Deep IACM also provide ‘policy-based’ attestation that can be triggered based on employee movements such as transfers, promotions, M&A, re-organization, etc.
Deep Identity – Identity Audit and Compliance Manager (Deep IACM) provides solutions addressing full range of compliance requirements such as excessive access rights, Segregation of Duties (SoD) conflicts, Sensitive accesses and identity and access violations. These compliance checks are in built into Deep IACM and are available out of the box. Policy adherence is checked and Deep IACM produces results for policy violations, reviews, risk scoring, reports and dashboards.
Deep IACM handles compliance checks differently from other regular IGA or GRC tools. Deep IACM spans the compliance checks across multiple layers across operating systems, databases and applications. As part of the compliance checks, Deep IACM also provides comprehensive risk scoring and evaluation of users and the users that have privilege access.
Close-loop remediation ensures follow-on effort is conditioned automatically on the previous steps without any manual effort.

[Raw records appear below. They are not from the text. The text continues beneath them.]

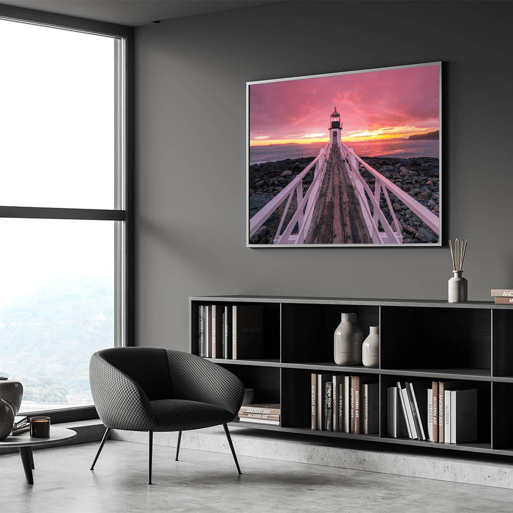 Capture the breathtaking beauty of Wellington Harbor art with this striking scene of a lighthouse bridge leading into a vibrant sunset. The intense hues of pink and orange light up the sky and reflect off the ocean, creating a stunning view that evokes a sense of peace and adventure. This New Zealand landscape painting is perfect for anyone looking to bring a burst of color and coastal charm into their home or office.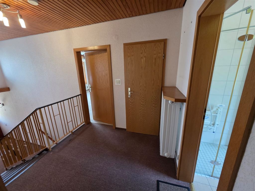 • Massive Bauweise • Ruhige exponierte Lage mit Baumbestand • Große überdachte Terrasse mit Photovoltaik-Balkonkraftwerk • Giebelwände Verklinkert • Ausbaufähiges Dachgeschoss • Doppelgarage in massiver Bauweise mit Grube • beheizbare Garage im Wohnhaus (Werkstatt) • Wohnraum im Kellergeschoss durch Hanglage • Bad mit Ebenerdiger Dusche aus 2018 • Gepflegte Gartenanlage • Dachstuhl mit Tonpfanneneindeckung im sehr guten Zustand • Das Objekt könnte sofort übernommen werden • Erweiterungspotenzial • Einliegerwohnung 50 m² (vermietet) • ggf. Anbau über der Einliegerwohnung möglich • Buderus Brennwertheizung aus 2007 • 8000 Liter Öl-Tanks • der Energieausweis befindet sich in Bearbeitung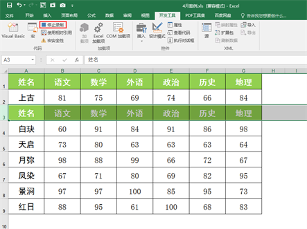 5 单击“开发工具”选项卡下的“停止录制”按钮,停止宏的录制。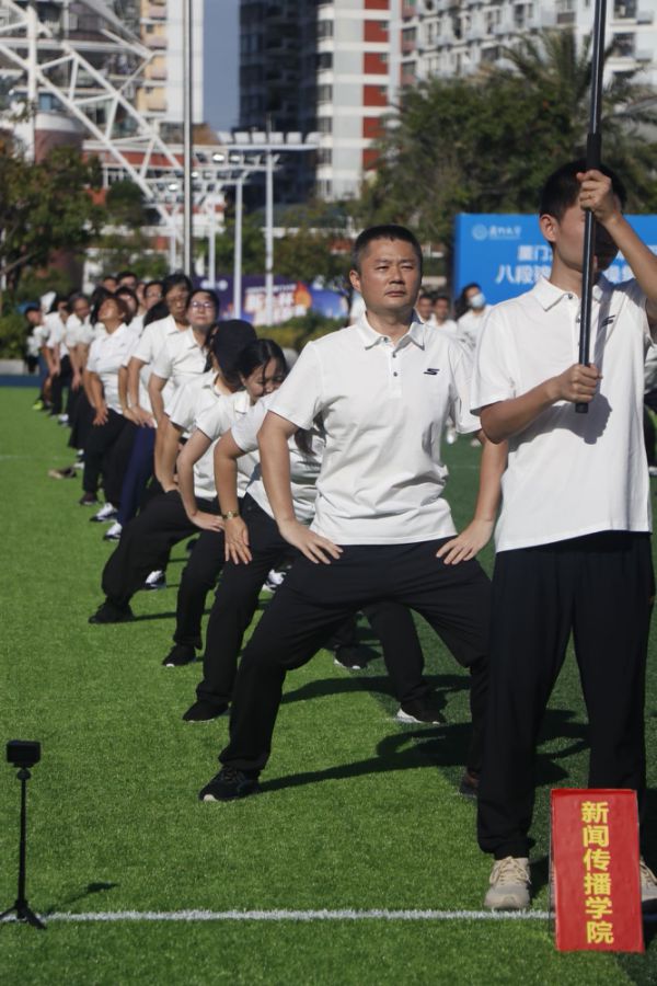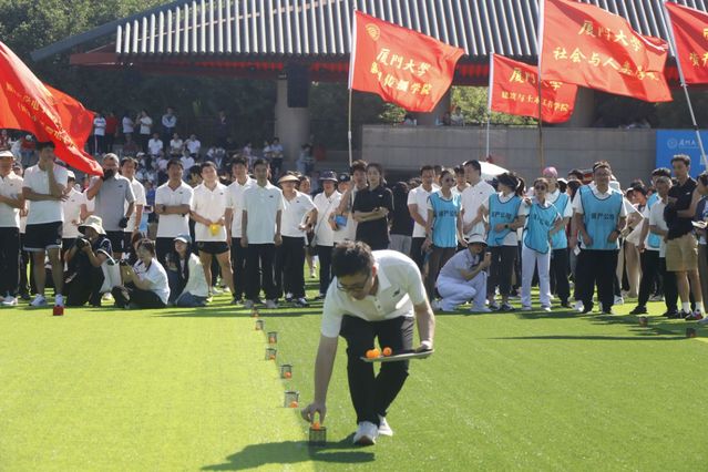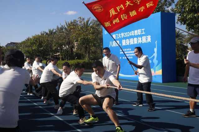 秋日迟迟,绿意阑珊。11月17日上午,厦门大学2024年教职工八段锦、健身操集体展演和趣味运动会在演武田径场举行。学院教师代表在运动场上挥洒汗水,展现出我院团结拼搏、乐观向上的活力风采。本次运动会精心设置了集体跳绳、拔河比赛、抢收抢种和同心击鼓四个项目。这些项目独具匠心,独特新颖且趣味十足,完美地将运动性、竞赛性与趣味性融合在一起。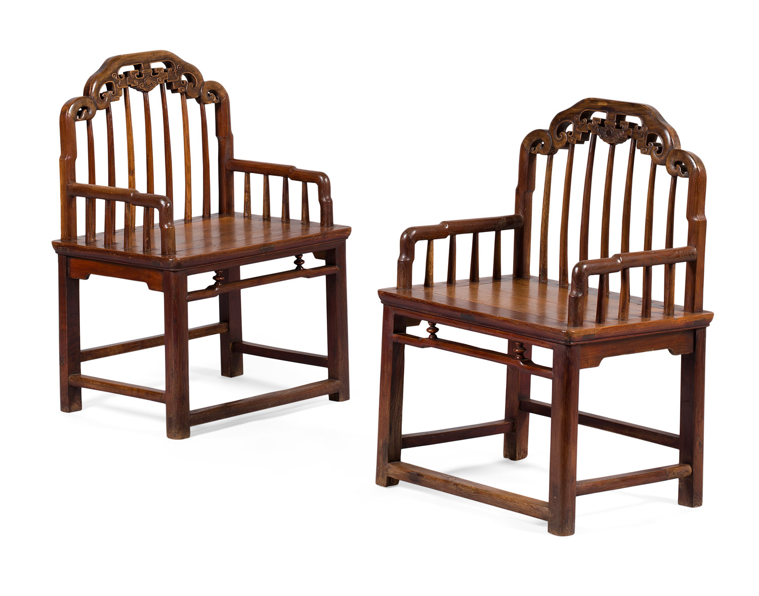 the arched top rails carved as ruyi heads with cloud scrolls and flower motifs, above spindled back and arms, above a cleated plank seat raised on straight legs joined by peripheral stretchers (2)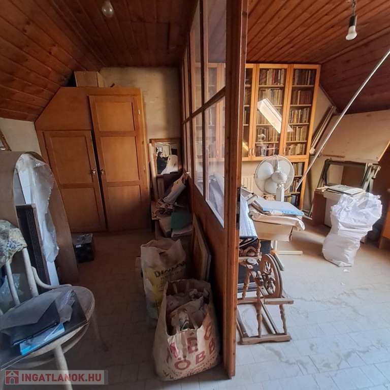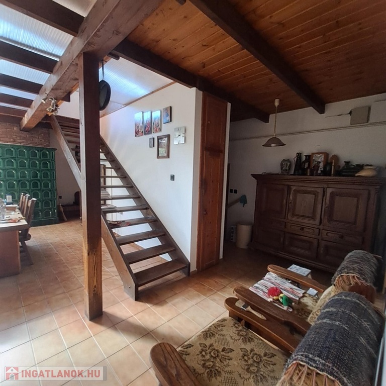 A ház lakóterülete kb. 160 m2, melyben földszinti részen található előszoba, étkező/télikert, konyha, kamra, 40 m2-es nappali, fürdő, WC. A nappali folytatásában ki van alakítva egy 32 m2-es műhelyként funkcionáló helység, melynek tetőterében egy iroda és zuhanyzó lett kialakítva. Igény szerint lakhatásra is át lehet alakítani.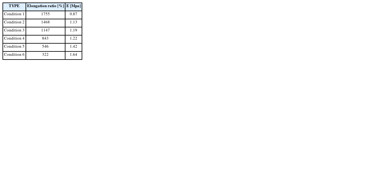 특히 Condition 6의 경우 연신율이 약 400% 이하로 측정되며 풍선 성형에 실패하였고 이를 통해 풍선 성형이 가능한 고분자 튜브의 연신율 하한선은 약 400% 이상임을 확인할 수 있었다.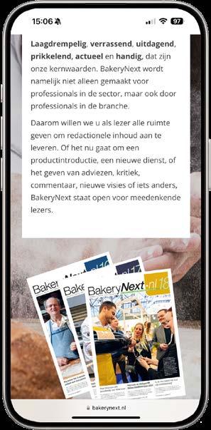 Bakery Next, de vakkrant voor bakkend Nederland. Een unieke bladformule voor en door professionals uit de bakkerijbranche. Verschijnt 18 x per jaar.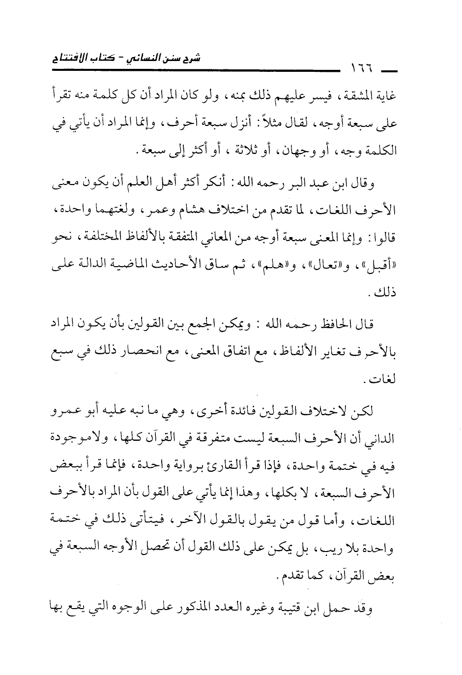 وقال ابن عبد البر رحمه الله: أنكو أكثر أهل العلم أن يكون معنى الأحرف اللغات، لا تقدم من اختلاف هشام وعمر، ولغتهما واحدة، قالوا: وإنما المعنى سبعة أوجه من المعاني المتفقة بالألفاظ المختلفة، نحو "أقبل"، و"تعال"، و"هلم"، ثم ساق الأحاديث الماضية الدالة على ذلك.

Close-loop remediation functionality in Deep IACM allows organizations to implement changes at the target systems based on actions required post Attestation, Compliance or Role Management activities.
The remediation is completed automatically with Deep IM and seamless workflow approval integration. Actions such as revoke access and modify access are part of lifecycle management for user accounts, roles, groups, and profiles all the way down to entitlements/permissions.
Business roles are typically used to define individual job functions within an organization. IT roles on the other hand are created to provide valuable information to construct policies for administration of access and authorization at the target systems. Authorization includes coarse grain and fine grain authorizations. In today’s context, there are multiple approaches to perform authorization functions such as Role-based Access Control (RBAC), Attribute-based Access Control (ABAC), eXtensible Access Control Markup Language (XACML) and many more.
Role mining or discovery process within Deep IACM helps to identify association between users, accounts and groups, and whether or not associations are necessary. Given the comprehensiveness of the connectors, Deep IACM is able to mine information all the way down to actual entitlements,. Deep IACM automates the mining/discovery process and recommend candidate roles. This enables Deep IACM to provide very comprehensive role analysis, modeling, attestation, SoD and role based provisioning with Deep IM integration.
Deep IACM pattern matching technology, role-optimization algorithm and intelligence based attribute bridge helps organizations to embark on role optimization project and increase the overall security and reliability of access management across enterprise. This comprehensive approach also makes Deep IACM the preferred solution especially for organizations that have SAP as their ERP system.
Analytics and Dashboard
To make the governance process relevant to each organization, Deep IACM brings intelligence and computational analysis of historical data, and correlating it against operational data. Deep IACM provides flexibility to filter and search for information with ability to drill down to provide transparencies down to details. This information is presented in a personalized dashboard.
Deep IACM also provides Audit and Reporting, which can be scheduled and delivered to mailbox anytime.